— The data —
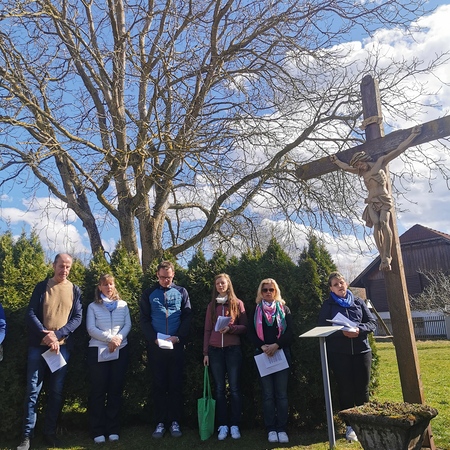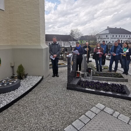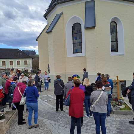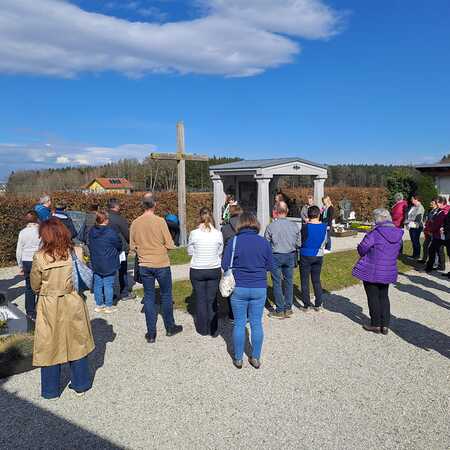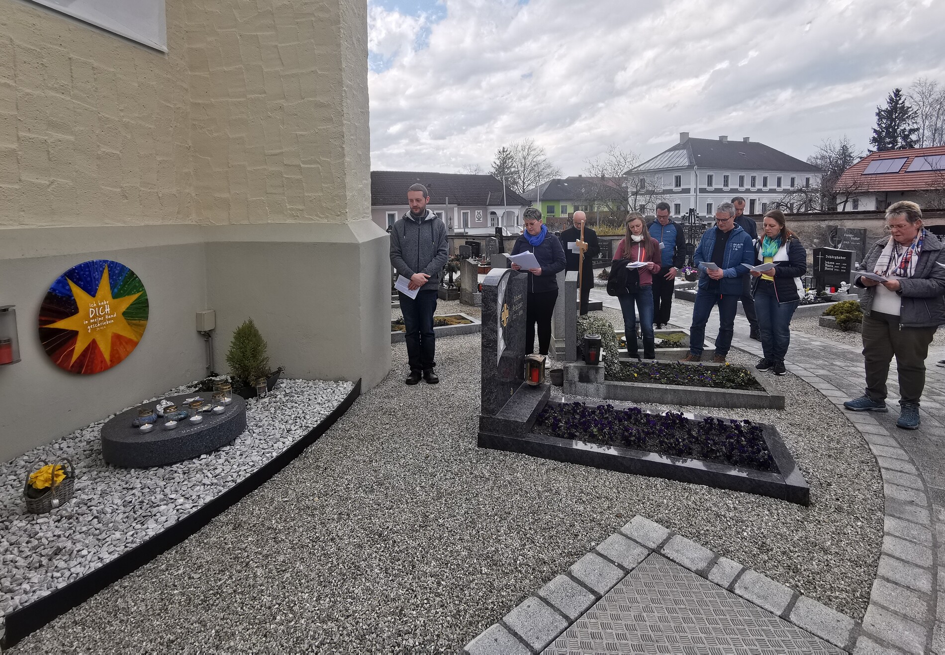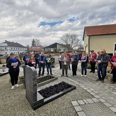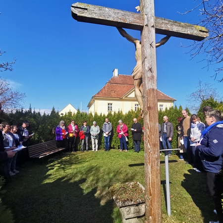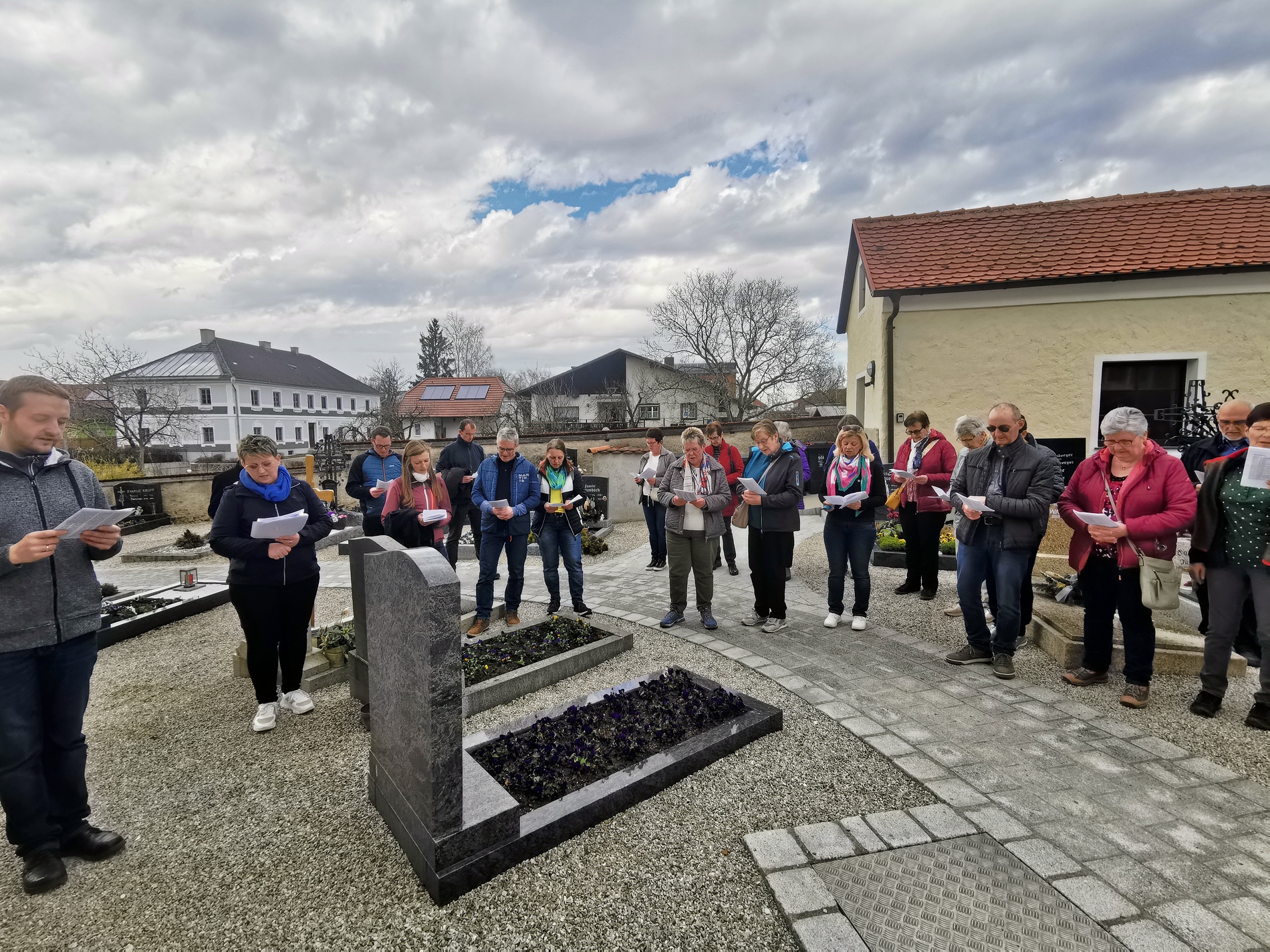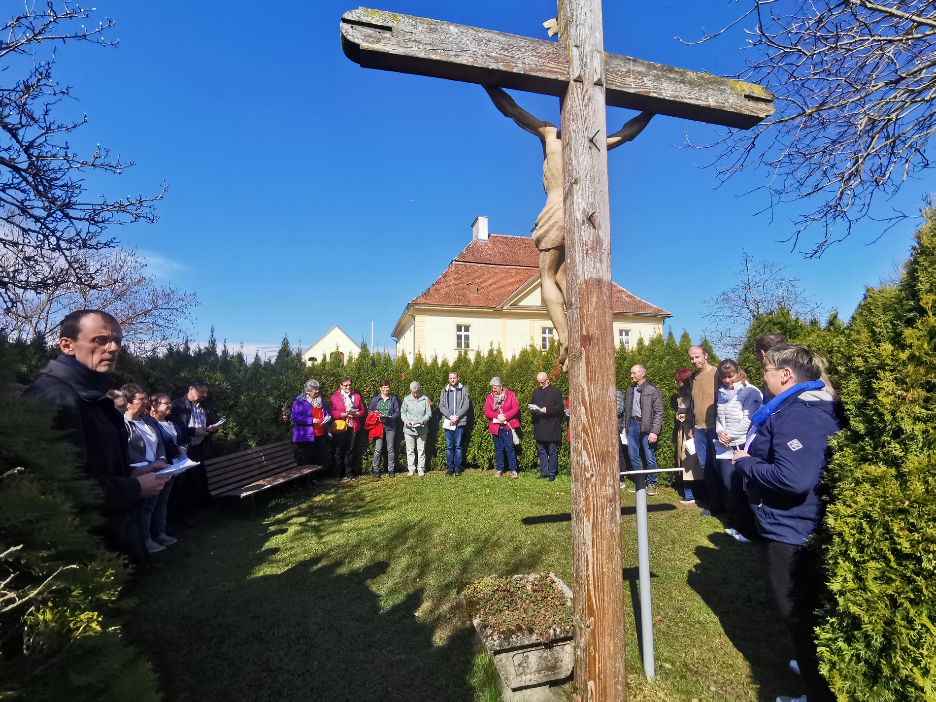 Am Sonntag 23. März lud der PGR zum Kreuzweg durch den Ort - mit Stationen in der Kirche, am Dorfplatz, im Pfarrgarten, in der Friedhofskapelle, beim Friedenskreuz und bei der Sternenkinder Gedenkstätte. Texte zu den 7 neuen Werken der Barmherzigkeit begleiteten den Weg; diese "Werke" bzw. Haltungen sind: Ich teile mit dir - Ich rede gut über dich - Ich bete für dich - Ich besuche dich - Ich höre dir zu - Du gehörst genauso dazu - Ich gehe ein Stück mit dir.
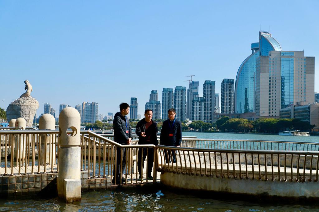 图为近日,福建省厦门市思明区纪检监察干部在筼筜湖区监督调研,了解水体保护相关责任落实情况,着力发现和查处生态环境保护领域不正之风和腐败问题。何志芳 摄
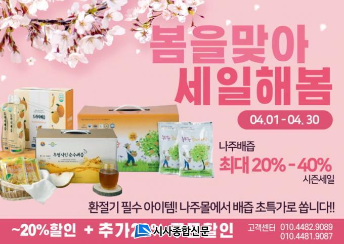 | ³ªÁÖ½Ã, ³óƯ»ê¹° ¼îÇθô ¡®³ªÁÖ¸ô¡¯ º½¸ÂÀÌ ¹èÁó ÇÒÀÎ Çà»ç ÁøÇà 4¿ù 30ÀϱîÁö, ³ªÁÖ ¹èÁó ÃÖ´ë 40% ½Ñ °¡°Ý¿¡ ¹«·á¹è¼Û±îÁö |
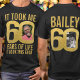 60-årsdagen svart och guld, det tog mig 60 år att se den här bra anpassningsbarna två foton och namn på baksidan av t-shirt. Roligtens 60:e personlig fotosvart och guld födelsedagsteckendesign. Anpassa den här födelsedagskalan med två fotografier av födelsedagspojken eller flickan i mitten på siffran 0 på framsidan och baksidan. Underbar idé om att lägga till lite roligt till en milstolpe på sextioårsdagen. Andra matchande artiklar och färg är tillgängliga. Exklusiv design av Sarah Trett för www.mylittleeden.com

— Problem statement —
This exercise asks for an exact copy of the lines from the first one in the data through the line that contains "¼îÇθô ¡®³ªÁÖ¸ô¡¯ º½¸ÂÀÌ", pictures excluded.

— Problem solution —
 Am Sonntag 23. März lud der PGR zum Kreuzweg durch den Ort - mit Stationen in der Kirche, am Dorfplatz, im Pfarrgarten, in der Friedhofskapelle, beim Friedenskreuz und bei der Sternenkinder Gedenkstätte. Texte zu den 7 neuen Werken der Barmherzigkeit begleiteten den Weg; diese "Werke" bzw. Haltungen sind: Ich teile mit dir - Ich rede gut über dich - Ich bete für dich - Ich besuche dich - Ich höre dir zu - Du gehörst genauso dazu - Ich gehe ein Stück mit dir.
 图为近日,福建省厦门市思明区纪检监察干部在筼筜湖区监督调研,了解水体保护相关责任落实情况,着力发现和查处生态环境保护领域不正之风和腐败问题。何志芳 摄
 | ³ªÁÖ½Ã, ³óƯ»ê¹° ¼îÇθô ¡®³ªÁÖ¸ô¡¯ º½¸ÂÀÌ ¹èÁó ÇÒÀÎ Çà»ç ÁøÇà 4¿ù 30ÀϱîÁö, ³ªÁÖ ¹èÁó ÃÖ´ë 40% ½Ñ °¡°Ý¿¡ ¹«·á¹è¼Û±îÁö |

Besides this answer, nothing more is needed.